About

I was born in New York City and was educated at The Oxford Academy before attending Bard College at Simon’s Rock, where I obtained a BA in Liberal Arts with dual majors in east Asian religious studies and English literature. Having developed an interest in historical Englishes while a visiting student at Oxford University, I undertook a MA in English Language and Literature at the University of Sheffield under Sylvia Adamson. My MA dissertation considered the role of hyperbole in the holograph correspondence of Thomas Cardinal Wolsey and Thomas Cromwell in the final years of Wolsey’s life, and subsequently I was awarded a studentship to pursue doctoral research on sixteenth-century literary representations of Wolsey at Sheffield under the supervision of Cathy Shrank. I was awarded my PhD in English Literature in 2013 after examination by Mike Pincombe and Tom Rutter.

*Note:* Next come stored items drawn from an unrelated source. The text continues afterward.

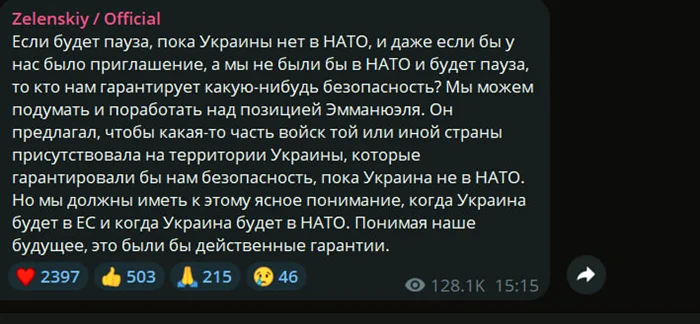 Получается парадокс: Зеленский требует вступления в НАТО для достижения мира, хотя именно это и стало триггером конфликта.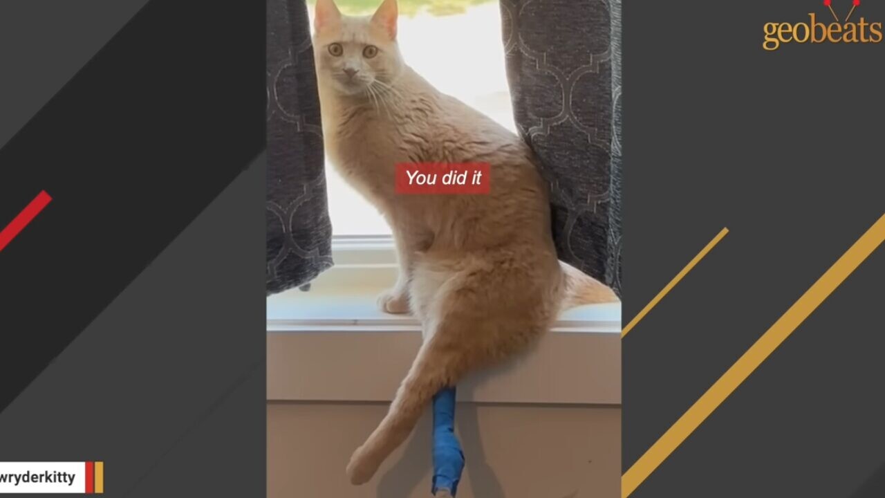 猫は、機能する前足でなんでもこなします。ベッドやソファ、窓枠にだってよじ登れます。「やったわね!」とリサさんが声をかけると、とっても得意そう。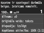 Ja iekārta saņem faksa dokumentu, vai ir iestatīta automātiska pārskatu drukāšana, saņemtie faksa dokumenti un pārskati tiks glabāti iekārtā, lai pēc izdrukāšanas tie nebūtu blāvi. Lai turpinātu drukāšanu, pat ja kasetnē atlikušais toneris ir gandrīz beidzies, iestatījumam <Turpināt drukāšanu, ja kasetnē ir maz tintes> izvēlieties vērtību <Iesl.>. Turpināt drukāšanu, ja kasetnē ir maz tintes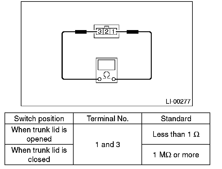 Measure the resistance between the trunk room light switch terminals.

Following on from my PhD, I was appointed the inaugural research fellow and centre coordinator for the Sheffield Centre for Early Modern Studies under director Phil Withington. In 2014 I came to Warwick as the Project Officer for the Migration, Identity, and Translation Network, part of the Monash-Warwick Alliance. In February 2015 I was awarded a Warwick Transatlantic Fellowship to undertake research at the Newberry Library in support of my new project, “The Art of Richard Grafton: The Cultural Networks of a Mid-Tudor Printer”. As the Director of Undergraduate Studies and Student Experience for the new BA Liberal Arts program at Warwick, I have a strong interest in developing creative pedagogical approaches to transdisciplinary education and student support. I have also taught for the Institute for Advanced Teaching and Learning at Warwick in collaboration with colleagues at Monash University, Melbourne. In 2015 I was awarded a JJ Kidd Fellowship by the European Colleges of Liberal Arts and Sciences (ECOLAS) consortium and a Strategic Research Grant by the Institute of Advanced Teaching and Learning at the University of Warwick to pursue research into liberal arts and sciences teaching and learning methodologies. In 2018 I was appointed a Fellow of the Warwick International Higher Education Academy.

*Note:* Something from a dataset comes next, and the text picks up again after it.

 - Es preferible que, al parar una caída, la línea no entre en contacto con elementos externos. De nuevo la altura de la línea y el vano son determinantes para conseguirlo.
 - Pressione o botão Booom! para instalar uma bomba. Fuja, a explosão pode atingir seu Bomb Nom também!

My first monograph, From Princes to Pages: The Literary Lives of Cardinal Wolsey, Tudor England’s ‘Other King’was published by Brill in 2016. I am currently writing my second book, The Art of Richard Grafton: The Cultural Networks of a Mid-Tudor Printer. Other ongoing projects include analyses of perception and strategy in liberal education (in collaboration with Mike Finn); the social/labor history of postwar UK migration/refugee programs (with Jo Angouri); and further work on the connections between George Cavendish, Thomas Churchyard, and the Mirror for Magistrates.